- Aim of the task: Repeat the data exactly, please; no pictures belong in the copy.

- Supplied information:
▬▬▬▬▬▬▬▬▬▬
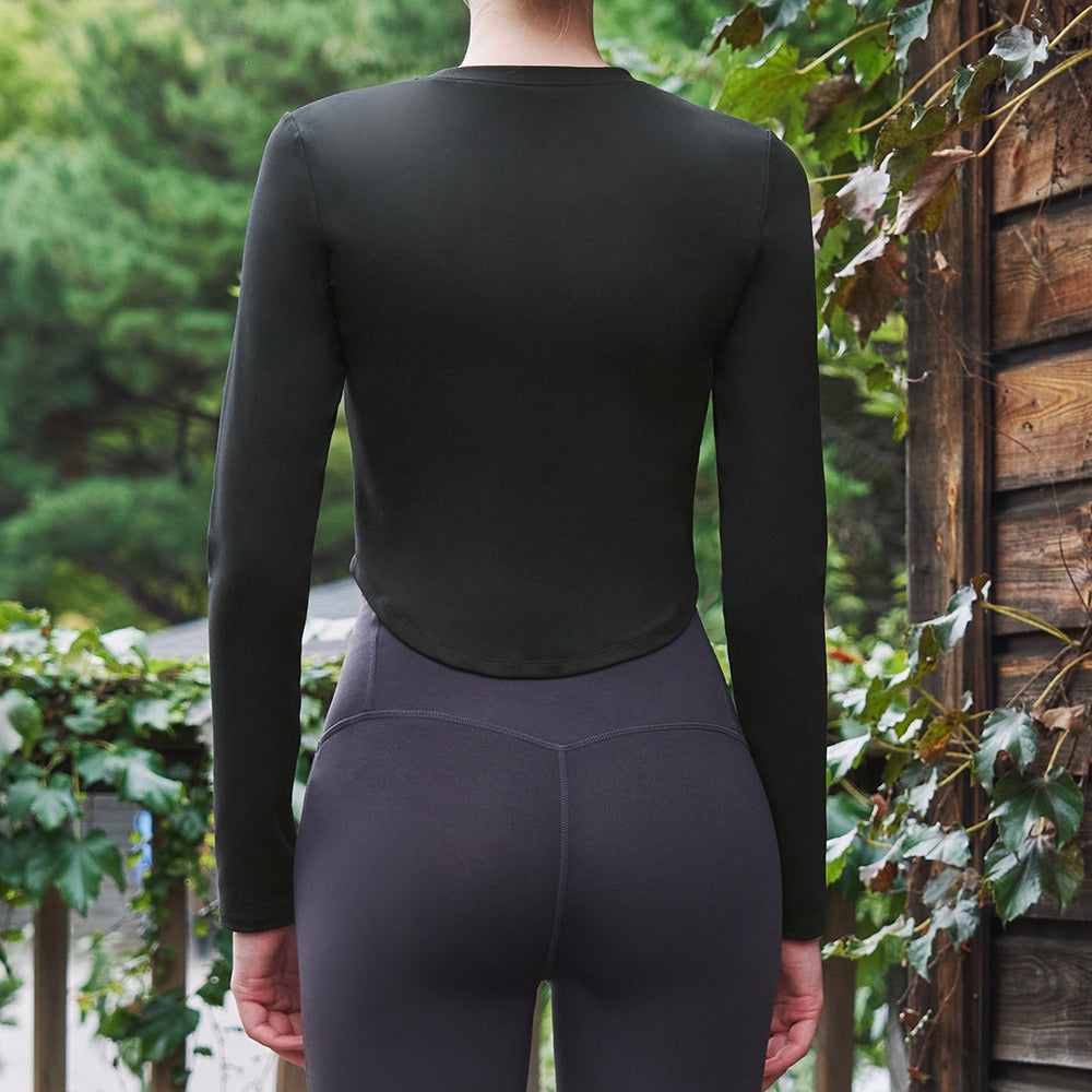 Exkluzivní materiál ATY ADVANCE najdete u modelu SKPG Round Neck Long Sleeve Crop Top.
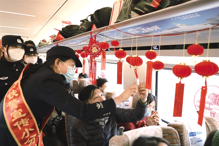 2月13日,在包头开往北京北的G2496次列车上,旅客通过扫码方式,参加猜“反诈灯谜”以及元宵节传统知识问答等活动。为提升返程旅客的安全意识,守护好自己的“钱袋子”,包头铁警在列车上开展了猜灯谜的现场互动,并送给大家防骗防盗宣传册。 摄影/北方新报正北方网见习记者 费 捷
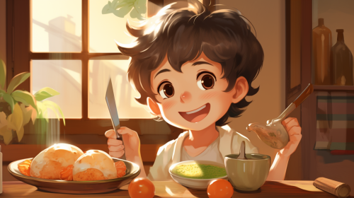 In a breakfast scene, there is a boy of elementary school age. He has a cheerful and bright smile on his face, holding an egg in one hand. This scene is depicted in the style of a Japanese anime illustration. --ar 16:9
▬▬▬▬▬▬▬▬▬▬
- Output of the task:
 Exkluzivní materiál ATY ADVANCE najdete u modelu SKPG Round Neck Long Sleeve Crop Top.
 2月13日,在包头开往北京北的G2496次列车上,旅客通过扫码方式,参加猜“反诈灯谜”以及元宵节传统知识问答等活动。为提升返程旅客的安全意识,守护好自己的“钱袋子”,包头铁警在列车上开展了猜灯谜的现场互动,并送给大家防骗防盗宣传册。 摄影/北方新报正北方网见习记者 费 捷
 In a breakfast scene, there is a boy of elementary school age. He has a cheerful and bright smile on his face, holding an egg in one hand. This scene is depicted in the style of a Japanese anime illustration. --ar 16:9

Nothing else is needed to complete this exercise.